▶ ACTIVITY:
The goal is a clean copy of all the data below, with pictures dropped and everything else retyped exactly.

═══ AVAILABLE DATA ═══

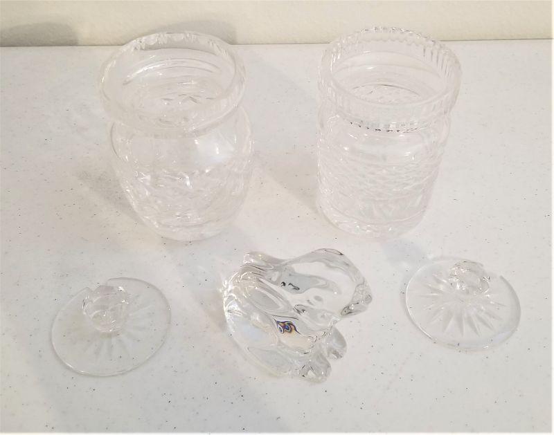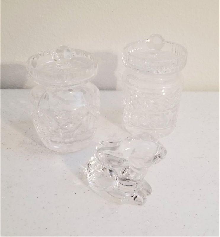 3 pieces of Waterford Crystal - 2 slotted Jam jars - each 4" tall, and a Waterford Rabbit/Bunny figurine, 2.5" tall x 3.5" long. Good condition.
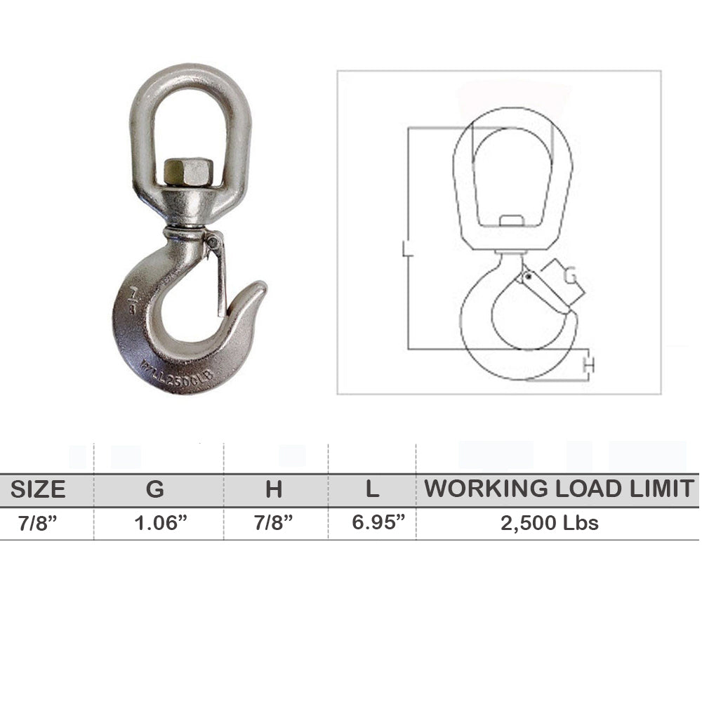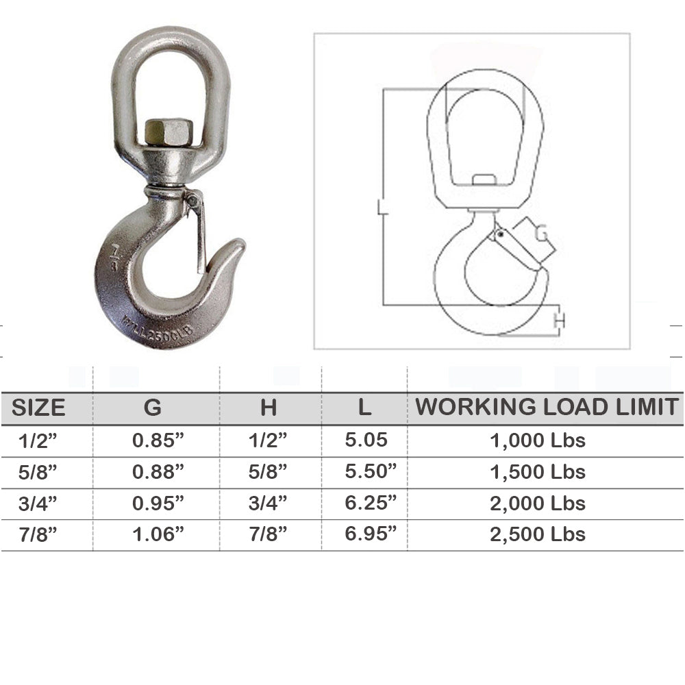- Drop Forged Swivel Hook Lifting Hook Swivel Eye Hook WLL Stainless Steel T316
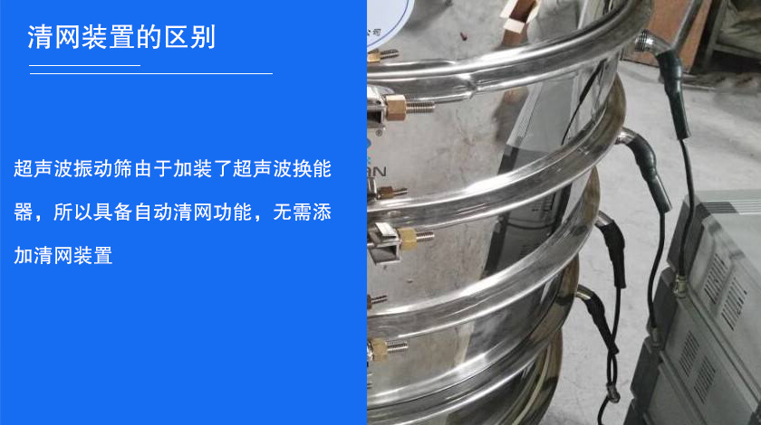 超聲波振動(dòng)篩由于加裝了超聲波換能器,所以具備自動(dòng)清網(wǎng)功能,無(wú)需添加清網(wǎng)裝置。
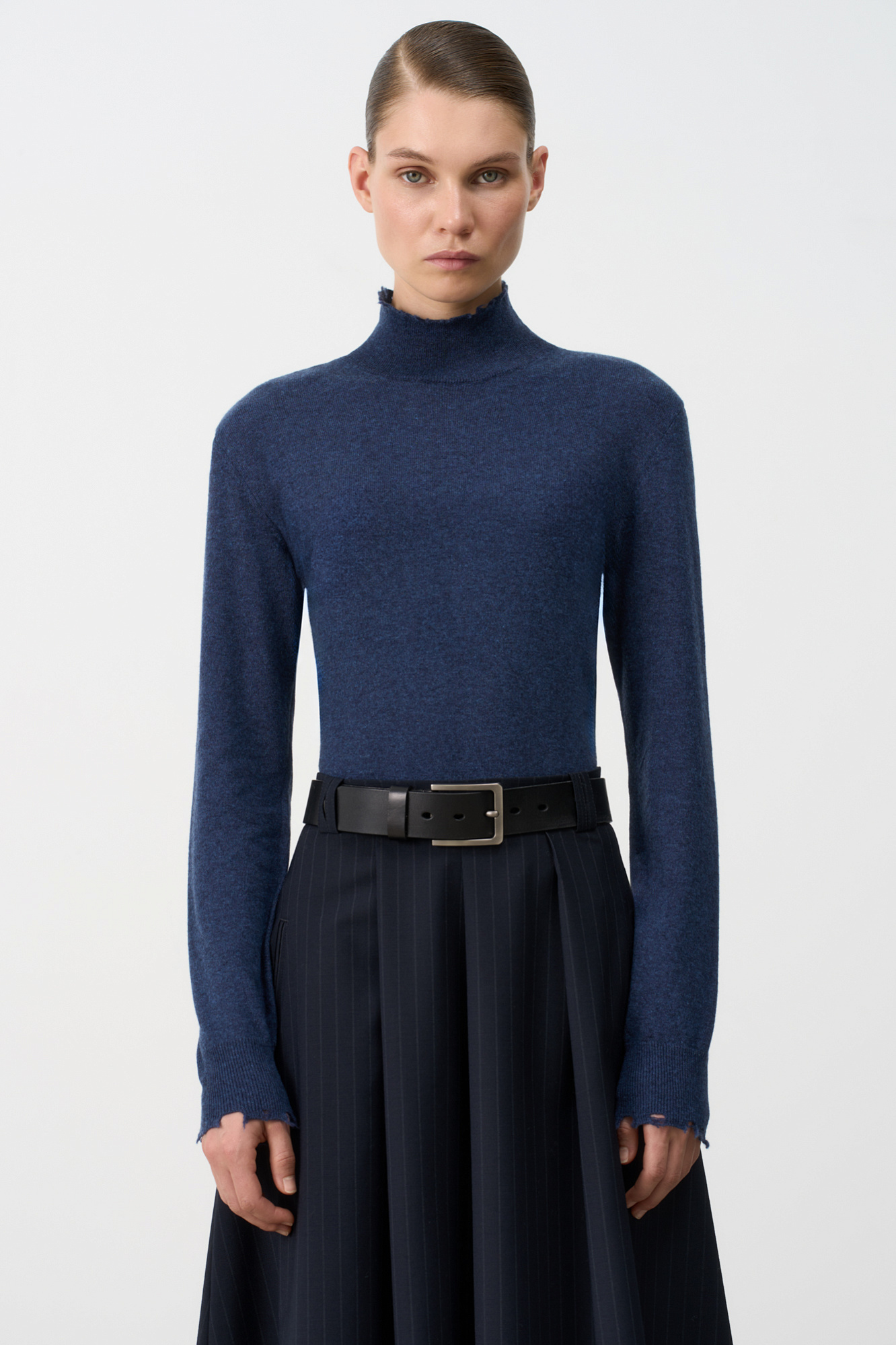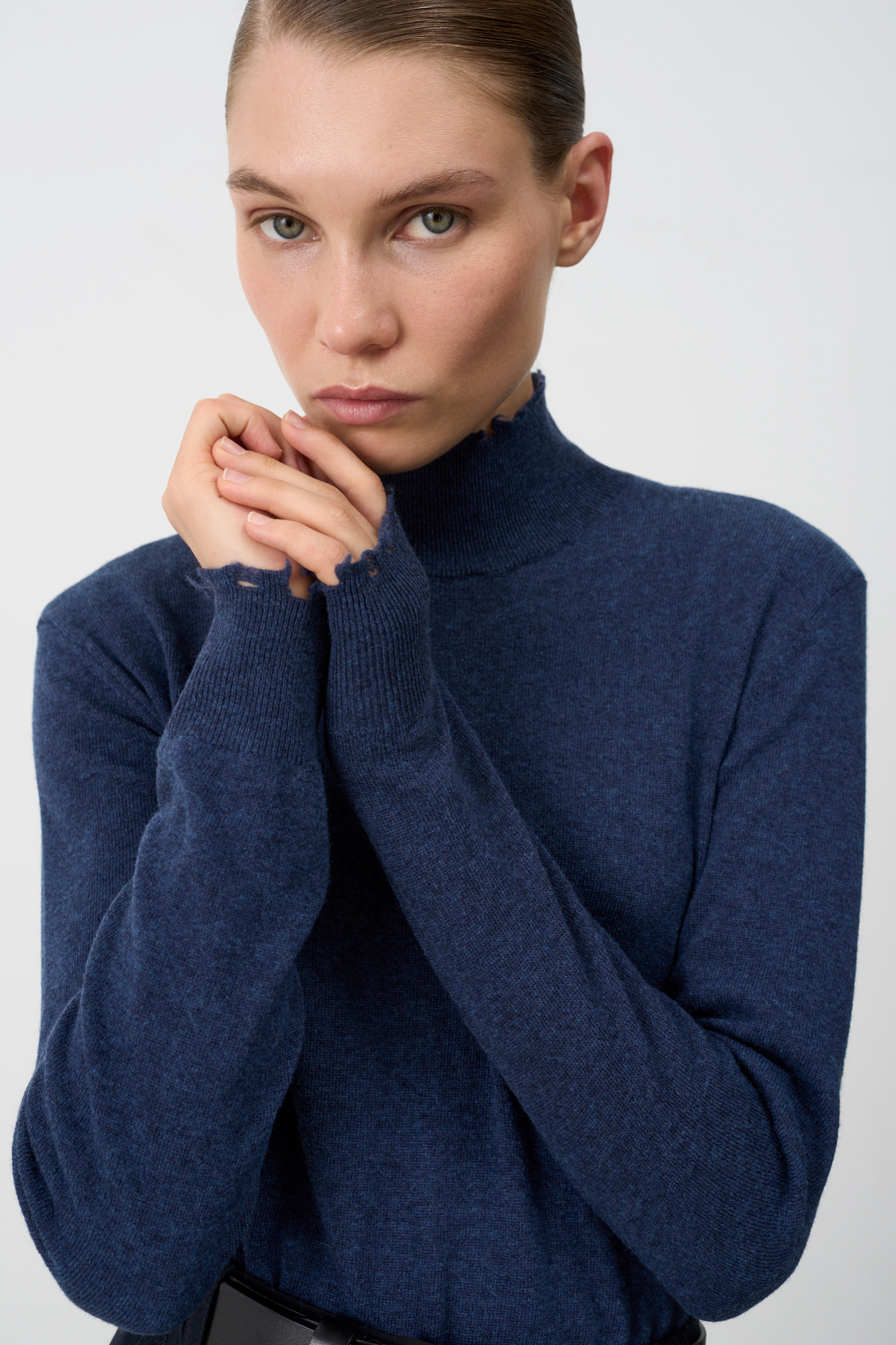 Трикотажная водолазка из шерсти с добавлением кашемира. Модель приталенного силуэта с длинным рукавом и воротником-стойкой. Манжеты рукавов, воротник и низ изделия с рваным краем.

═══

▶ YOUR SOLUTION:
 3 pieces of Waterford Crystal - 2 slotted Jam jars - each 4" tall, and a Waterford Rabbit/Bunny figurine, 2.5" tall x 3.5" long. Good condition.
- Drop Forged Swivel Hook Lifting Hook Swivel Eye Hook WLL Stainless Steel T316
 超聲波振動(dòng)篩由于加裝了超聲波換能器,所以具備自動(dòng)清網(wǎng)功能,無(wú)需添加清網(wǎng)裝置。
 Трикотажная водолазка из шерсти с добавлением кашемира. Модель приталенного силуэта с длинным рукавом и воротником-стойкой. Манжеты рукавов, воротник и низ изделия с рваным краем.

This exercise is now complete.